───── Recorded information
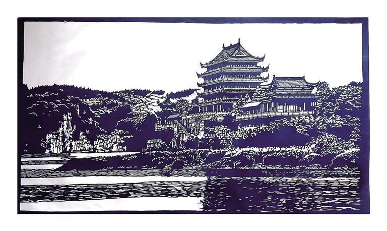 “创作涉江楼我花费了两个月时间。”在王志军的心里,故乡的山水最为动人。他从不同的方向观察涉江楼,最后选择了从侧面体现沅江之上的涉江楼和十里画壁。他一遍一遍地画,一遍一遍地调整设计,然后再进行凿刻。他运用长短线条和波点结合体现沅江的波光粼粼;运用留白的手法和黑白关系体现十里画壁的鬼斧神工;运用阴刻和阳刻体现涉江楼的巍峨,当最后一刀凿刻完,时间似乎静止不动了,他的眼里只有那清波拂面,天地千年如斯。
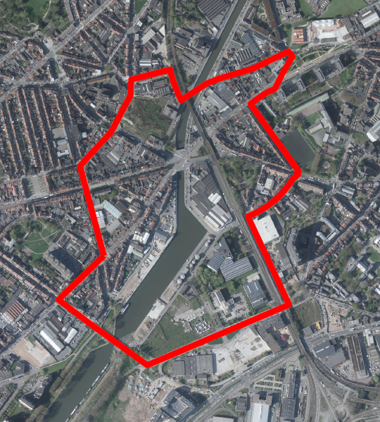De perimeter van het BBP 'Brug van Kuregem', op 28 oktober 2004 goedgekeurd door de regering, werd begrensd door de Pierre Marchantstraat, de Bergensesteenweg, de Doverstraat, de Scheutveldstraat, de Orchideeënstraat, de Hoofdrioolstraat, de Albert I-square, de Bergensesteenweg, de Transvaalstraat, de Kommenstraat, de Prévinairestraat en de Grondelsstraat.
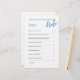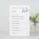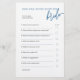 Este elegante jogo de chá de panela é uma maneira divertida de celebrar a noiva-a-ser! Apresentando um roteiro azul clássico e um layout minimalista suave, os hóspedes vão gostar de responder 15 perguntas pessoais triviais para ver quem conhece melhor a noiva. 💍 Dupla face, 💙 Coordenando com nossa coleção de "Pop a Borracha", ✨ Perfeito para chás de panela, solteiros e brunches
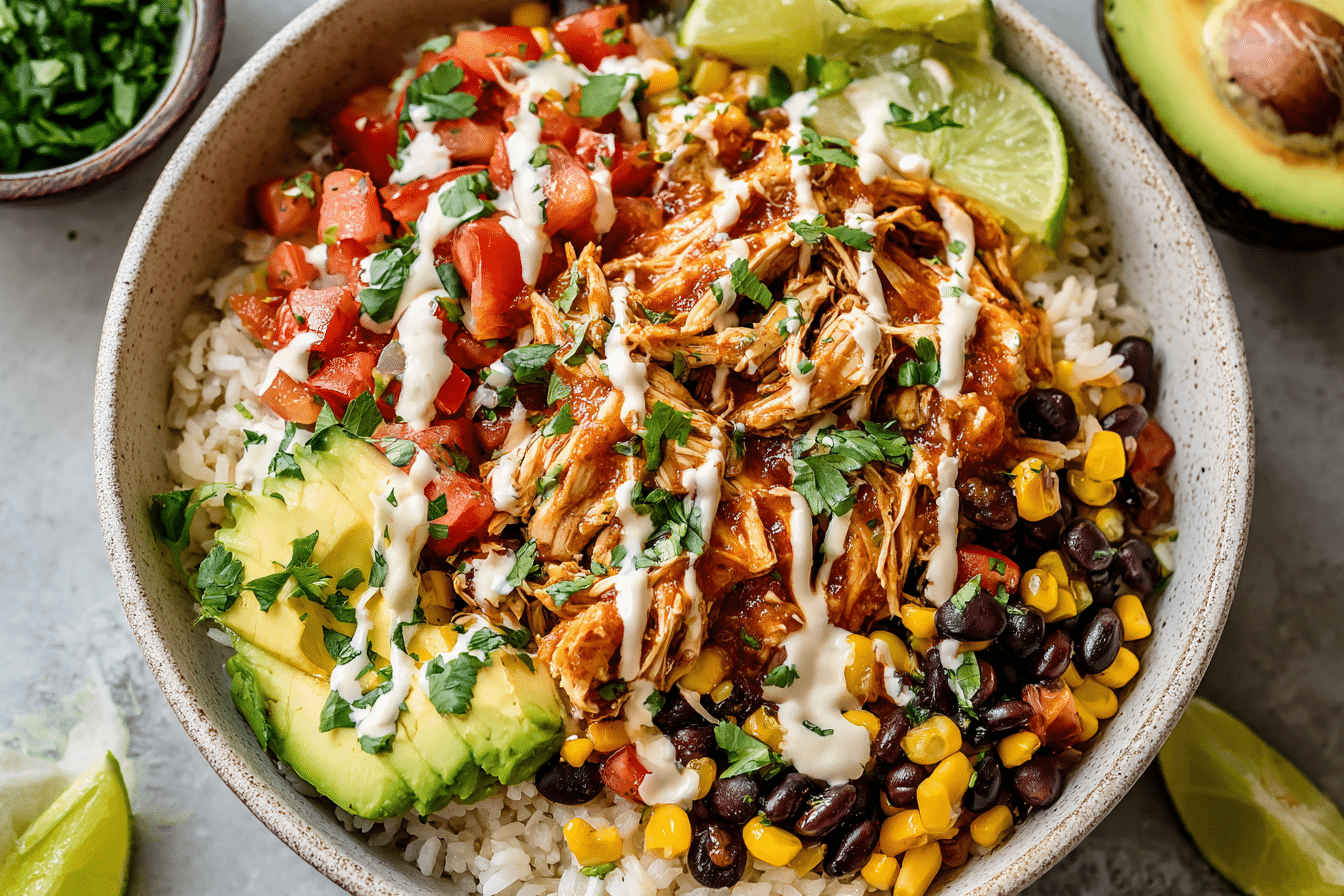 This Slow Cooker Chicken Burrito Bowl is a hands-off, flavorful dinner that’s perfect for busy weeknights or meal prep. Tender, shredded chicken cooks all day with spices, beans, and rice, creating a protein-packed, vibrant dish that’s ready to top with your favorite burrito bowl fixings.
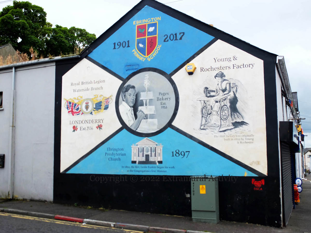 Although only Bond’s Place now retains the apostrophe, all of the “Bond” placenames in the Waterside (Bond’s Place, Bonds/Bond’s Street and Bonds/Bond’s Hill) are named after the Bond family, one of whom – William – was a United Irishman (Derry Journal). Bond’s Field is the site of the former Ebrington factory – home to Young & Rochesters shirt factory (Smart Tour) – and now part of the Ebrington complex (Scrivener). Four other Ebrington institutions are included in this Ebrington Street mural: Ebrington Primary school (web) which was originally at the end of Roulston Avenue, Ebrington Presbyterian (web), the Waterside branch of the Royal British Legion (Fb), and (in the centre) Pages bakery, which is now the Ebrington Bake House (Fb).
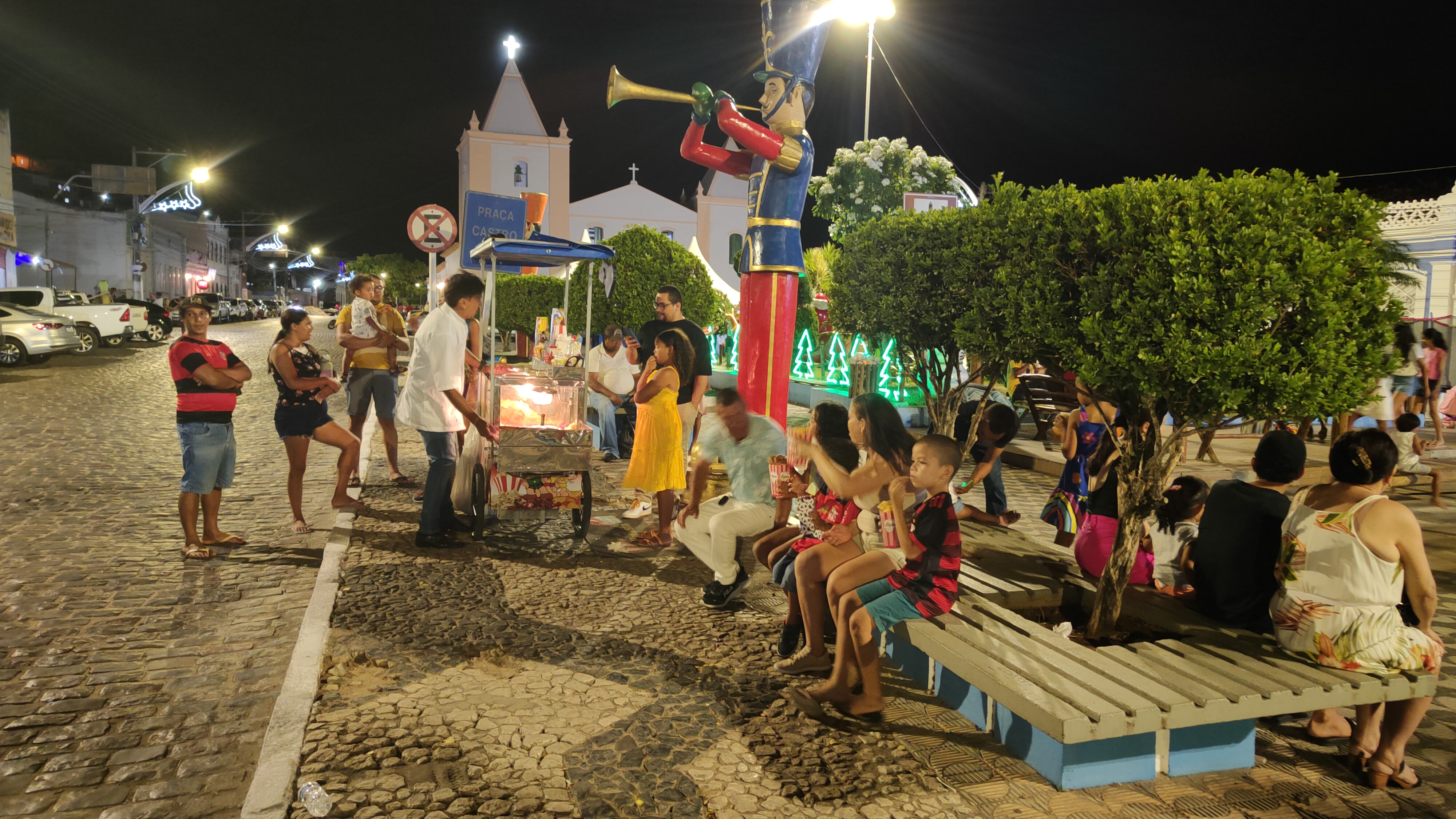Noite de domingo, 10 de dezembro de 2023, e aqui na Praça Castro Alves em Jacobina, pessoas acompanham missa com o padre José Vieira.
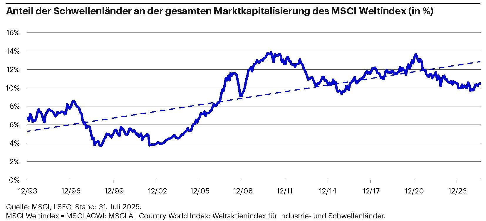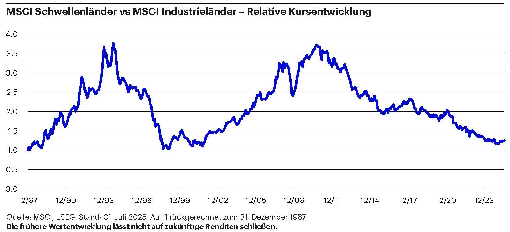 Im Jahr 2025 dagegen überzeugen die Schwellenländer durch ihre Outperformance. Die Frage ist nur: Ist das ein Wendepunkt oder weckt die starke Wertentwicklung falsche Hoffnungen? Fünf Katalysatoren sprechen dafür, dass tatsächlich ein struktureller Wandel zum Besseren stattfindet.
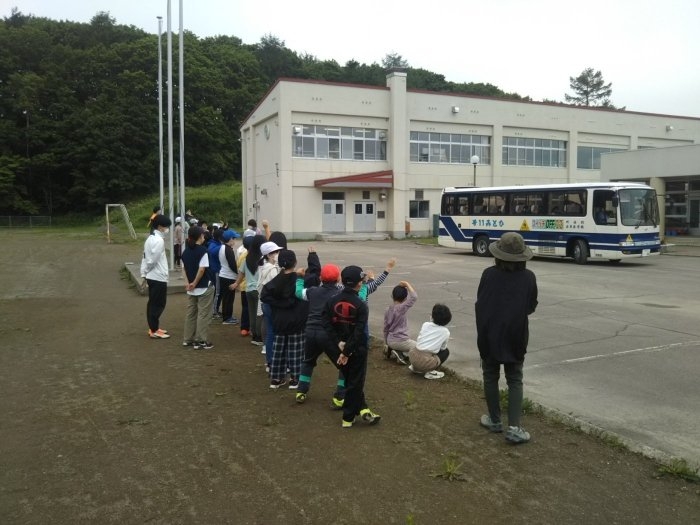 5年生は、今朝、絶好の日和の下、宿泊研修に出発しました。
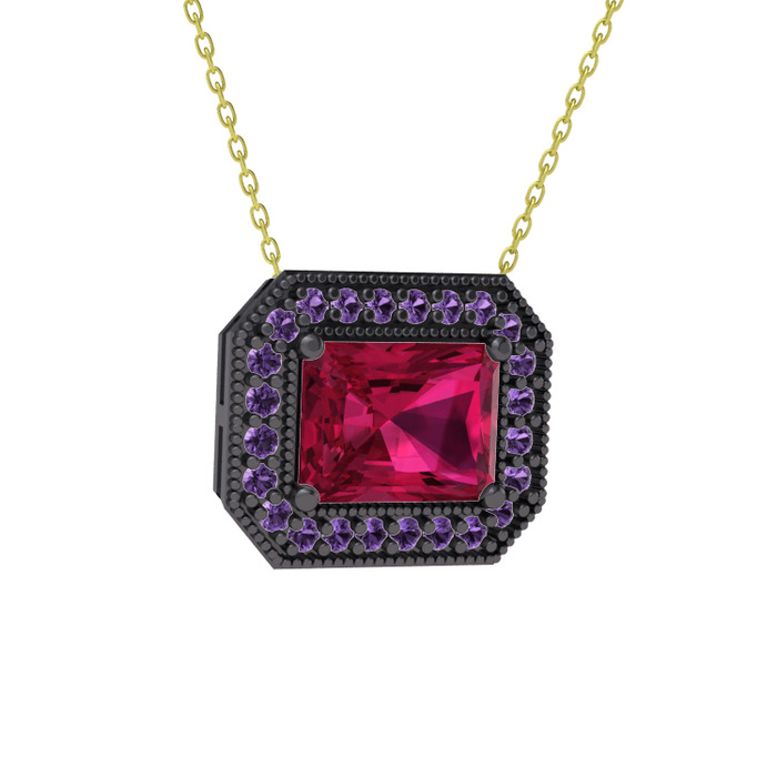 Rodolit garnet ve ametist 925 ayar siyah rodyum kaplama gümüş kolye (40 cm altın rolo zincir)
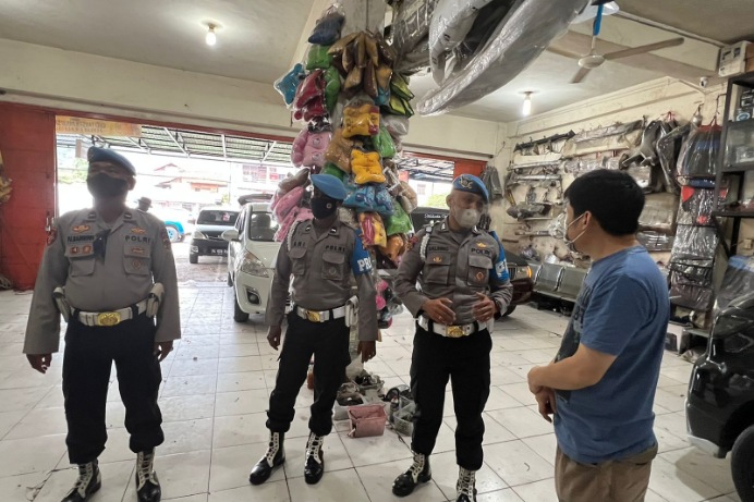FAKTA – Personel Subbid Provos Bid Propam Polda Papua melaksanakan sambang di Toko Variasi Mobil guna melakukan pencegahan terhadap penggunaan lampu Strobo kendaraan pribadi maupun umum, Selasa (12/7/2022) siang.
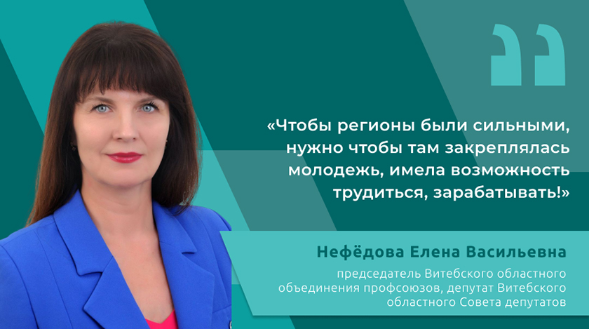 В завершение она добавила, что нужно следовать стратегии, обозначенной главой государства: сильные регионы — сильная страна. «Чтобы они были сильными, нужно чтобы там закреплялась молодежь, имела возможность трудиться, зарабатывать, было доступным арендное жилье. И об этом сказано в проекте программы социально-экономического развития Беларуси на будущую пятилетку. Это социальная и экономическая защита наших людей», — сказала Елена Нефедова.
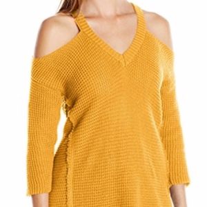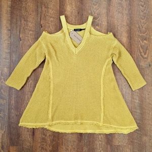 Blu Pepper Mustard Cold Shoulder Sweater Large
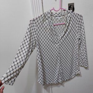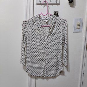 Subtle pleats effortlessly frame the flattering V-neckline of this petite printed top from Charter Club with 3/4-sleeves.
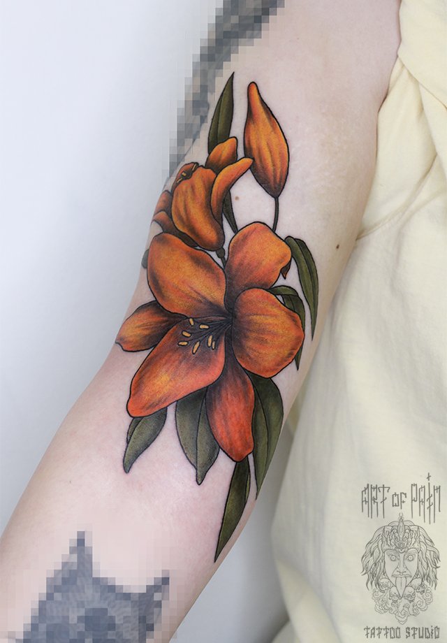 Татуировка женская нью-скул на плече лилия (Анастасия Родина) 2692
──────────
● Task statement:
After dropping every picture, transcribe each entry exactly.

● Result:
 “创作涉江楼我花费了两个月时间。”在王志军的心里,故乡的山水最为动人。他从不同的方向观察涉江楼,最后选择了从侧面体现沅江之上的涉江楼和十里画壁。他一遍一遍地画,一遍一遍地调整设计,然后再进行凿刻。他运用长短线条和波点结合体现沅江的波光粼粼;运用留白的手法和黑白关系体现十里画壁的鬼斧神工;运用阴刻和阳刻体现涉江楼的巍峨,当最后一刀凿刻完,时间似乎静止不动了,他的眼里只有那清波拂面,天地千年如斯。
De perimeter van het BBP 'Brug van Kuregem', op 28 oktober 2004 goedgekeurd door de regering, werd begrensd door de Pierre Marchantstraat, de Bergensesteenweg, de Doverstraat, de Scheutveldstraat, de Orchideeënstraat, de Hoofdrioolstraat, de Albert I-square, de Bergensesteenweg, de Transvaalstraat, de Kommenstraat, de Prévinairestraat en de Grondelsstraat.
 Este elegante jogo de chá de panela é uma maneira divertida de celebrar a noiva-a-ser! Apresentando um roteiro azul clássico e um layout minimalista suave, os hóspedes vão gostar de responder 15 perguntas pessoais triviais para ver quem conhece melhor a noiva. 💍 Dupla face, 💙 Coordenando com nossa coleção de "Pop a Borracha", ✨ Perfeito para chás de panela, solteiros e brunches
 This Slow Cooker Chicken Burrito Bowl is a hands-off, flavorful dinner that’s perfect for busy weeknights or meal prep. Tender, shredded chicken cooks all day with spices, beans, and rice, creating a protein-packed, vibrant dish that’s ready to top with your favorite burrito bowl fixings.
 Although only Bond’s Place now retains the apostrophe, all of the “Bond” placenames in the Waterside (Bond’s Place, Bonds/Bond’s Street and Bonds/Bond’s Hill) are named after the Bond family, one of whom – William – was a United Irishman (Derry Journal). Bond’s Field is the site of the former Ebrington factory – home to Young & Rochesters shirt factory (Smart Tour) – and now part of the Ebrington complex (Scrivener). Four other Ebrington institutions are included in this Ebrington Street mural: Ebrington Primary school (web) which was originally at the end of Roulston Avenue, Ebrington Presbyterian (web), the Waterside branch of the Royal British Legion (Fb), and (in the centre) Pages bakery, which is now the Ebrington Bake House (Fb).
Noite de domingo, 10 de dezembro de 2023, e aqui na Praça Castro Alves em Jacobina, pessoas acompanham missa com o padre José Vieira.
 Im Jahr 2025 dagegen überzeugen die Schwellenländer durch ihre Outperformance. Die Frage ist nur: Ist das ein Wendepunkt oder weckt die starke Wertentwicklung falsche Hoffnungen? Fünf Katalysatoren sprechen dafür, dass tatsächlich ein struktureller Wandel zum Besseren stattfindet.
 5年生は、今朝、絶好の日和の下、宿泊研修に出発しました。
 Rodolit garnet ve ametist 925 ayar siyah rodyum kaplama gümüş kolye (40 cm altın rolo zincir)
FAKTA – Personel Subbid Provos Bid Propam Polda Papua melaksanakan sambang di Toko Variasi Mobil guna melakukan pencegahan terhadap penggunaan lampu Strobo kendaraan pribadi maupun umum, Selasa (12/7/2022) siang.
 В завершение она добавила, что нужно следовать стратегии, обозначенной главой государства: сильные регионы — сильная страна. «Чтобы они были сильными, нужно чтобы там закреплялась молодежь, имела возможность трудиться, зарабатывать, было доступным арендное жилье. И об этом сказано в проекте программы социально-экономического развития Беларуси на будущую пятилетку. Это социальная и экономическая защита наших людей», — сказала Елена Нефедова.
 Blu Pepper Mustard Cold Shoulder Sweater Large
 Subtle pleats effortlessly frame the flattering V-neckline of this petite printed top from Charter Club with 3/4-sleeves.
 Татуировка женская нью-скул на плече лилия (Анастасия Родина) 2692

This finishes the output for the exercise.